# Culmination of my journey



## gal turner (Mar 3, 2010)

This is the culmination of what I have termed "negative space designing" I had the vision for this, but had to think up methods, with tools I have in my workshop, to achieve this vision. I had to teach myself to make this.(as no one else is and I could find no info on "how to") I found out I am a poor teacher and a very slow student. It has been eye-opening and brain boggling. I have had many failures, & some grand success. The work here is based on 1/8th increments..beads 1/8..openings 1/8 etc. When this turns on a lathe all one sees is the headstock and beyond. It's 9 inches in diameter and weighs a mere 3 oz. . The first picture is of it backlit in a window, which is how it was designed to be viewed, and the second was taken during the process..it is very rough and not complete..Hope ya'll find this a tiny bit interesting. Enjoy your day


----------



## jw2170 (Jan 24, 2008)

Amazing...


----------



## RJM (Apr 11, 2010)

That bowl won't hold water 

Very nice. 

When I was 23, I saw a panel made like this in a Chinese restaurant and I've always been interested in these types of patterns since.


----------



## dutchman 46 (May 23, 2007)

That is very nice! How many hours have You been working on that project? You said that You were not a great teacher, I have no idea how one would do that, I wouldn't mine knowing a little more. :0


----------



## gal turner (Mar 3, 2010)

Hi D46..How long? It has been an accumulative process over a few months..I kept making this concept over & over..taking chances and devising ways to accomplish what I was attempting to do. I got inspiration from a famous fella named Hans Weissflog..he makes multi-axis pieces..many people have tried & failed to copy him..shattering seemed to be the problem. I have been trying different methods and adjusting the look I want with machines I have in my shop all to avoid the shattering of the piece. As for this piece I know from start to finish it took over 8 hrs. (the piece is 9 inches in diam and only 3oz. of wood left, so being gentle is paramount) .If I did it again I know that time would drop..each time I make one I get better at it...thanks for your question..


----------



## CanuckGal (Nov 26, 2008)

They are truely beautiful but just looking at them and imagining making something like that in my shop gives me clear visions of a nasty wood explosion. I do admire your talents.


----------



## Mike (Nov 22, 2004)

I usually do not comment on threads where the member has not filled out a name and location.(and I hope you will) A very interesting design. I hope you will share the process in our turning section. Photos of the steps would be nice, I know that will make HarrySin happy. While I am not interested in building this type of project I do appreciate the thought and skill that went into it. Very well done!


----------



## gal turner (Mar 3, 2010)

Mike..I will not accomodate you or Sin Or JMG..get off my back. We have been thru this before. I will not go thru it one more time. I DO NOT WANT YOUR ASSISTANCE> I HAVE NEVER ASKED ANY ONE FOR ASSISTANCE. YOU ARE ANNOYING ME. ONE MORE TIME, ANYONE ON THIS FORUM TELLS ME WHAT TO DO, I WILL STOP SHARING & helping others. I come to this forum as I enjoy seeing others projects and today I was able to help(I hope) a fella with a lathe/chucking problem. I PERSONALLY DO NOT CARE WHETHER YOU LIKE OR DISLIKE MY ART, ESPECIALLY IF YOU CHOSE ONLY TO COMMENT IF I GIVE YOU INFO ON MYSELF. KEEP YOUR THOUGHTS TO YOURSELF. I APOLOGIZE TO FORUM MEMBERS FOR THIS RESPONSE, BUT MANY OF YOU WATCHED THE PREVIOUS DEBACLE A FEW MONTHS AGO. LEAVE ME ALONE MIKE; IT IS NOT A CONDITION OF THIS FORUM THAT I TELL YOU INFO YOU DO NOT NEED


----------



## allthunbs (Jun 22, 2008)

Mike said:


> I usually do not comment on threads where the member has not filled out a name and location.(and I hope you will) A very interesting design. I hope you will share the process in our turning section. Photos of the steps would be nice, I know that will make HarrySin happy. While I am not interested in building this type of project I do appreciate the thought and skill that went into it. Very well done!

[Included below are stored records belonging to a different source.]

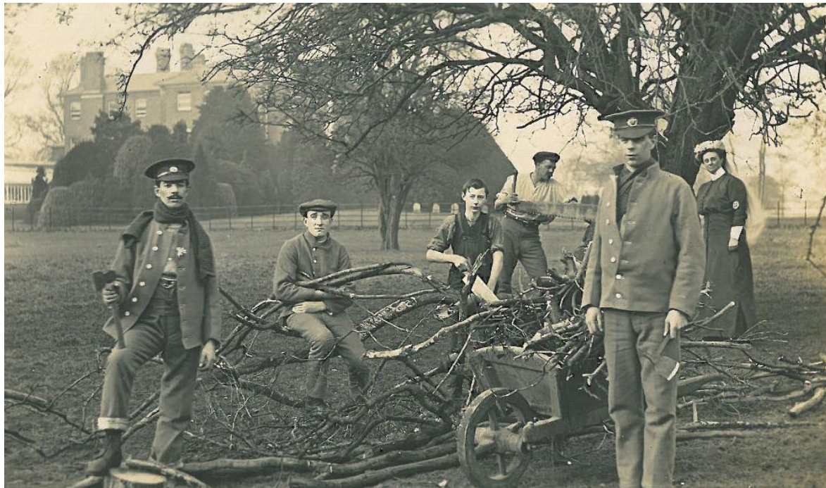
Photographs of patients at Boultham Park Military Hospital. Document reference: BOULTHAM PAR 23/26.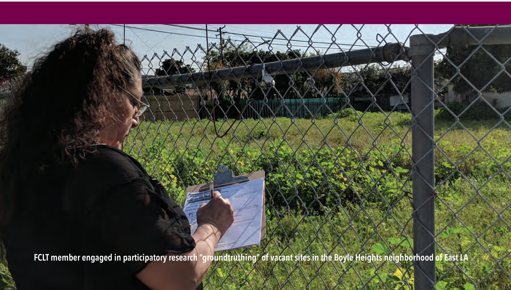
FCLT member engaged in participatory research “groundtruthing” of vacant sites in the Boyle Heights neighborhood of East LA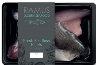
RAMUS FRESH Sea Bass Fillets 180g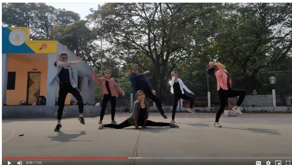
Category: GROUP DANC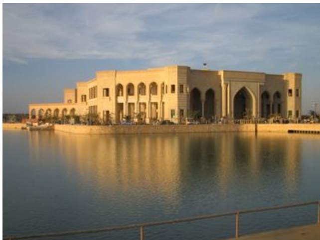
Al Faw Palace

palace to the North of the Airport is termed “Presidential Palace North” — otherwise known as the Qasr Al-Faw Palace. “

Mike: there are those who have good reason not to "publish" their information. I've been on the "'net" for longer than the 'net has been around and I've run the gamut of experiences, good and bad. I've also learned one heck of a lot about protecting one's identity. The Chinese have a philosophy "remain anonymous." The best protection of your identity is to "remain anonymous."

I can assure you that Galturner is indeed a person, a real turner in the true sense of the term, with valid expertise and an enviable portfolio. Why must we persist in this persecution of identity? Her desire is to remain private, period. Is that a crime? Are you hoping she's the Marilyn Munroe of the turner set? Somebody famous so you get to brag to your neighbour that you "know" her? Is that the only reason?

She chooses to contribute by showing what is possible with discipline, imagination and dedication. Why can that not be enough? Would it make a difference in her work if she were from the U.S. as opposed to Australia, or, heaven forbid, China? 

Others lurk and never contribute but I don't hear you condemning them or persecuting them for their lack of contribution. Why is it so important that you know who she is and where she lives? Are you going to pay her a visit like some have paid me a visit?

Now, I will say that this campaign by a few veterans of the forum will only serve to deny the remaining participants of exposure to art and craftsmanship. I have long given up posting projects and results, for similar reason. I do the research to prove or disprove the validity of methods, only to be demeaned by a few. I just don't bother posting my results any more.

The policy of the forum has been clearly stated. It is _not_ necessary to identify one's person, location or other information if they chose not to. Why can't we just leave it at that?


----------



## thistlefly (Dec 2, 2008)

Returning to the topic at hand... that is a beautiful piece of work, "galturner." I've never tried turning, not sure if I ever will, but I can appreciate beauty and craftsmanship.

Sweet.


----------



## gal turner (Mar 3, 2010)

thistlefly said:


> Returning to the topic at hand... that is a beautiful piece of work, "galturner." I've never tried turning, not sure if I ever will, but I can appreciate beauty and craftsmanship.
> 
> Sweet.


 Thanks for your thoughtful comment on my work. I appreciate you took the time..despite the fact turning does not interest you.


----------



## thistlefly (Dec 2, 2008)

gal turner said:


> Thanks for your thoughtful comment on my work. I appreciate you took the time..despite the fact turning does not interest you.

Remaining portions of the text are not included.